Unsafe Error in Conventional Shape Factor for Shallow Circular Foundations in Normally Consolidated Clays

In practice, a factor of 1.2 is generally accepted as the shape factor for undrained bearing capacity of surface foundations in homogeneous clays between axisymmetric (AS) and plane strain (PS) conditions. This empirical shape factor first proposed by Skempton has been widely adopted in design guidelines for shallow foundations to determine general undrained bearing capacity of circular foundations from standard solutions for strip foundations. However, this factor is unsafe and should not be used for shallow circular foundations in normally consolidated (NC) clay with shear strength increasing linearly with depth from zero at the ground surface.

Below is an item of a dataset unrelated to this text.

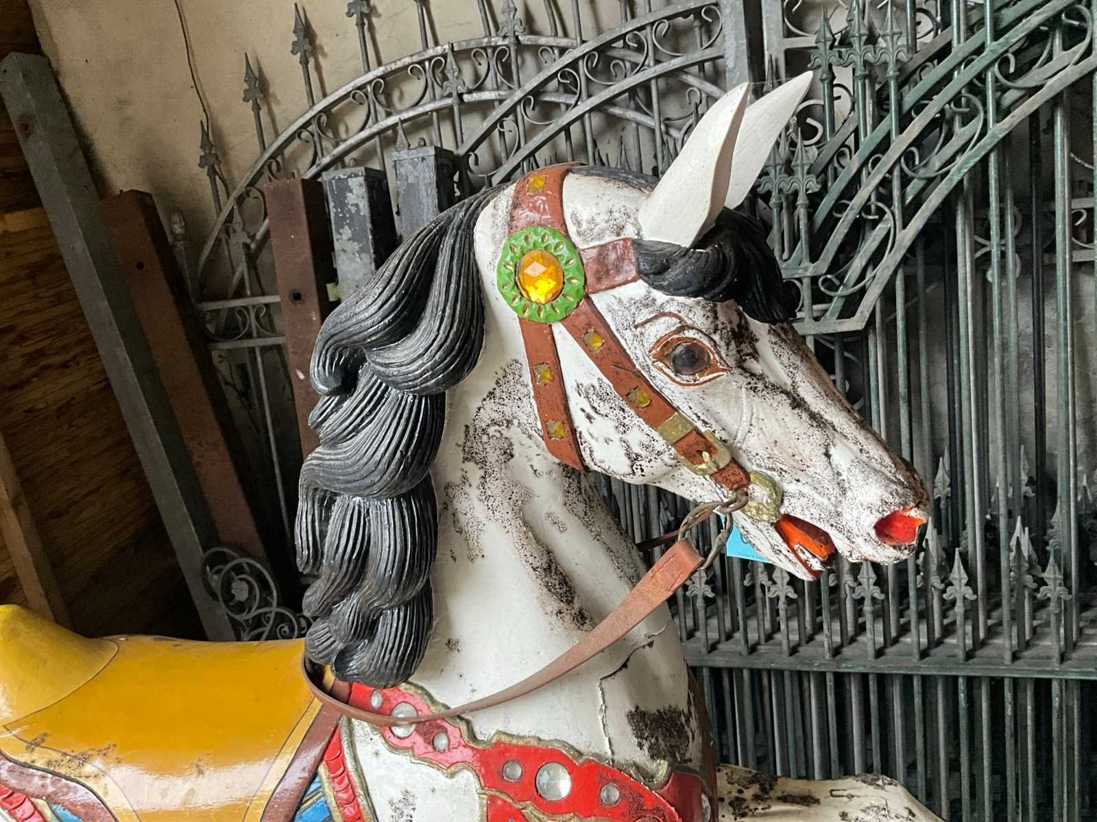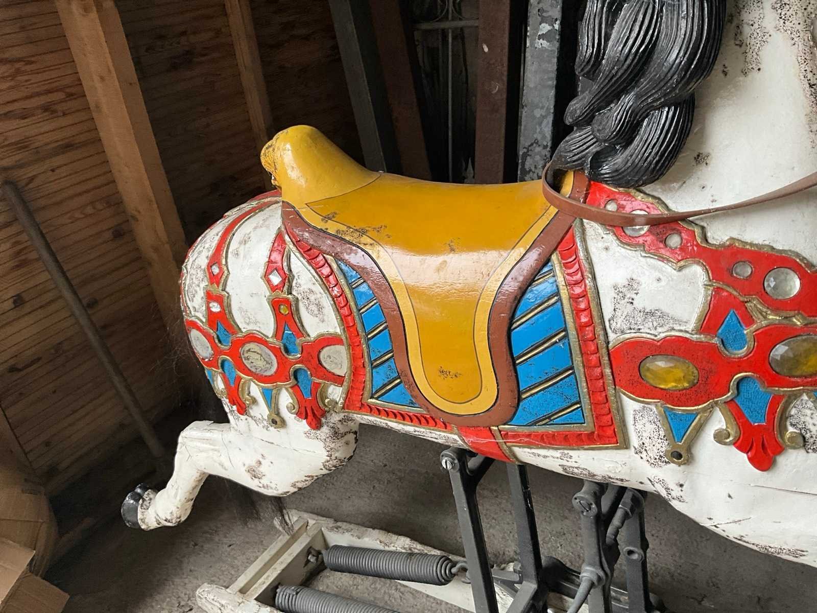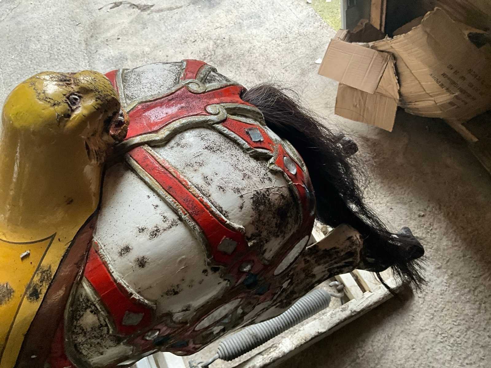 Verend op houten staander Lengte: 90cm Breedte: 35cm Hoogte: 100cm Materiaal: Hout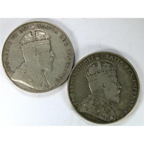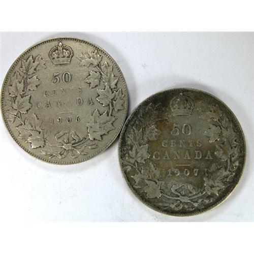 Canada Fifty Cents 1906 and 1907, both F-VF. Lightly toned

Fig. 1 shows the shape factors ($S_c$) between circular and strip foundations, which were numerically derived using finite element limit analysis (FELA) in OptumG2 software (Krabbenhoft et al. 2015). Examples of predicted failure mechanisms are illustrated in Fig. 2. Numerical models of shallow foundations correspond to weightless rigid piers with embedded depth ($L$) at full size ($D$) (i.e., diameter for circular foundations and width for strip foundations) in a weightless clay layer with strength zero at the ground surface and increasing linearly with depth by linear strength gradient ($\rho$). The undrained strength of clay obeys the Tresca yield criterion with the associated flow rule. The foundation base is modelled as rough and smooth interfaces and its side is smooth to directly obtain the ultimate bearing capacity from FELA. For all cases, computed plasticity solutions are accurate to within 1%. Thus, the derived shape factor $S_c$ is defined as the ratio of the ultimate pressure ($q_{\text{ult}}$) of circular foundations to that of strip foundations, where these pressures correspond to the average of upper bound and lower bound solutions.

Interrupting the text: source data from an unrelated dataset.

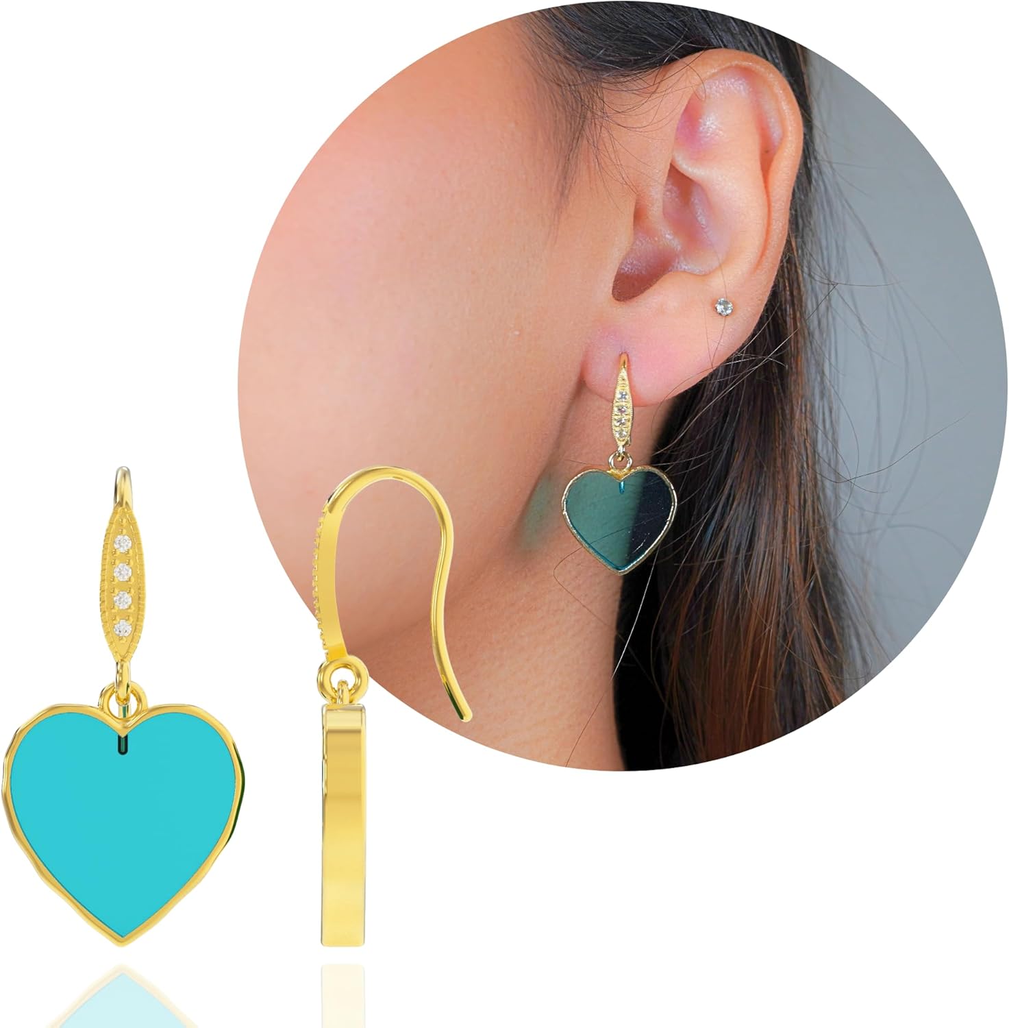 Gold Heart-Shaped Drop Earrings for Mom - Hydro Gemstone with Gold Bezel Setting, Personalized Birthstone Gift for Women. Elevate your gift-giving with these stunning Gold Heart-Shaped Drop Earrings, a perfect way to show your love for Mom. Crafted with a luxurious gold finish, each earring features a delicate drop design with a smaller gold heart charm and a larger heart-shaped hydro gemstone, beautifully set in a gold bezel for a secure and elegant look. The hydro gemstone, with its pearlescent glow, mimics the beauty of a birthstone, adding a personalized touch that reflects her unique month. These earrings are presented in Abshel brand premium packaging, including a soft velvet pouch and a luxurious box, with an anti-tarnish slip to keep them radiant. Ideal for Mother’s Day, birthdays, or any special occasion, these earrings are a timeless and heartfelt gift for the special woman in your life.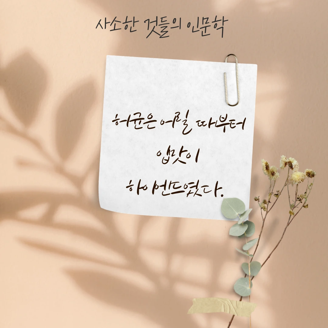 허균은 어릴 때부터 입맛이 하이엔드였다고 설명하시는 조이엘 작가님의 표현이 너무도 재미있어서 한참을 웃었다.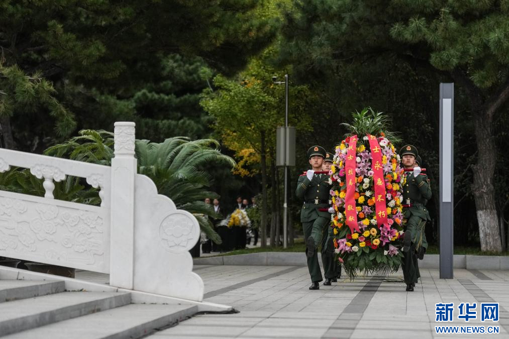 9月30日,辽宁省暨沈阳市向烈士纪念碑敬献花篮仪式在沈阳抗美援朝烈士陵园举行。新华社记者 潘昱龙 摄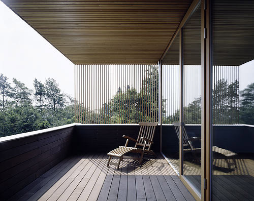 Der Bauherr schaut gern in die Bäume. Durch den Postkartenrahmen werden sie zu einem Bild gefasst, im Schlafzimmer fallen sie ihm sogar regelrecht ins Bett. Auf dem eingeschnittenen Balkon im Nordosten kann man zudem Frischluft und Morgensonne tanken. Seine Frau indes sitzt am liebsten in der tiefen Fensterlaibung im Nordwesten. Von hier schweift der Blick bis weit über die Donauauen hinaus.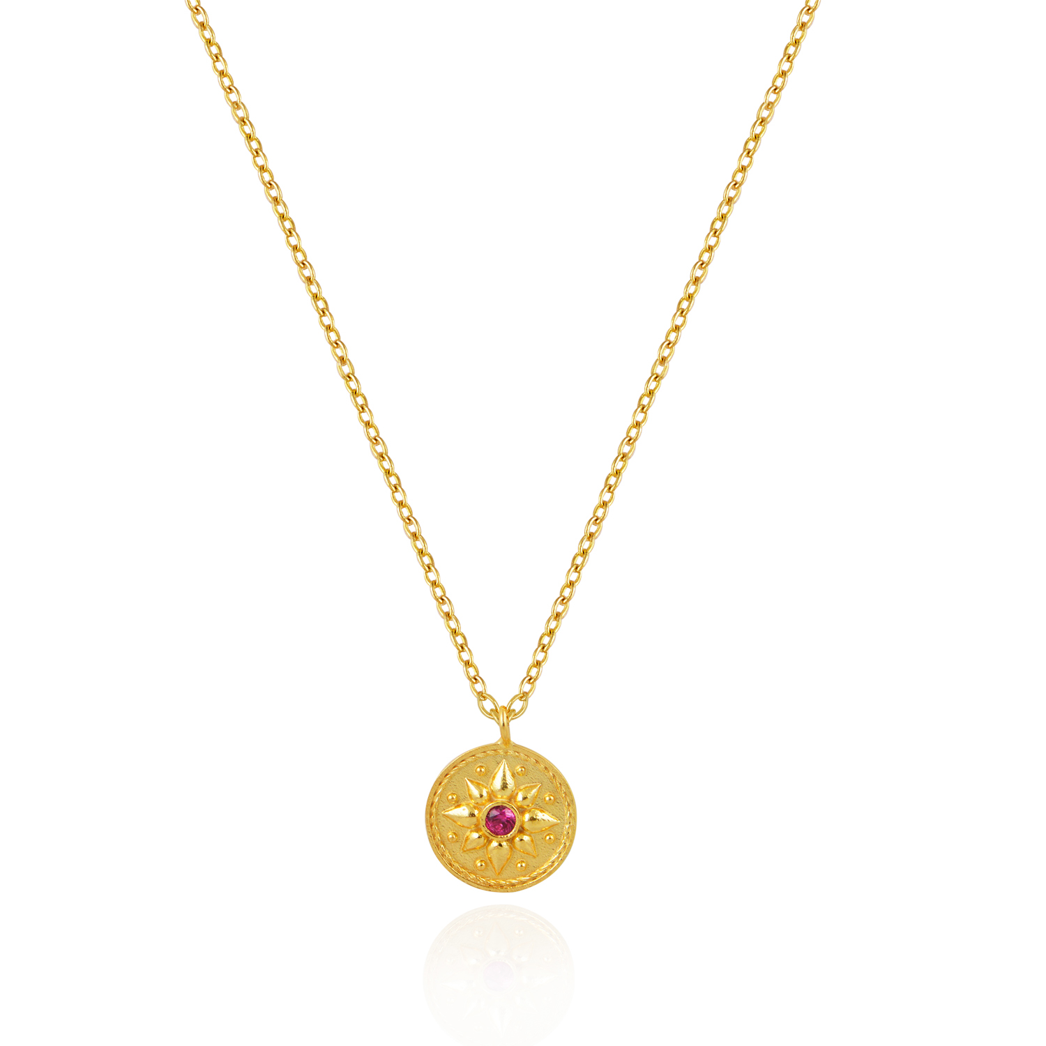 Κολιέ βυζαντινό από επιχρυσωμένο ασήμι 925 σε στρογγυλό σχήμα με ρουμπινί πέτρα ζιργκόν

As the embedded depth ratio ($L/D$) decreases, $S_c$ decreases nonlinearly from 1.2 at $L/D=1.2$ and converges to 0.67 (i.e., $4/6$) when $L/D$ tends toward zero. This limiting condition is theoretically validated by the exact solutions of Salençon and Martar (1982) and Davis and Booker (1973) for surface circular and strip foundations, respectively, on such strength profiles, where $q_{\text{ult}}=\rho D/6$ (AS) and $\rho D/4$ (PS). The error in shape factor increases as the depth of circular foundations decreases. For example, it is 20% for $L/D=0.2$ but can be as much as 20–80% for very shallow circular foundations with $L/D=0.2–0$.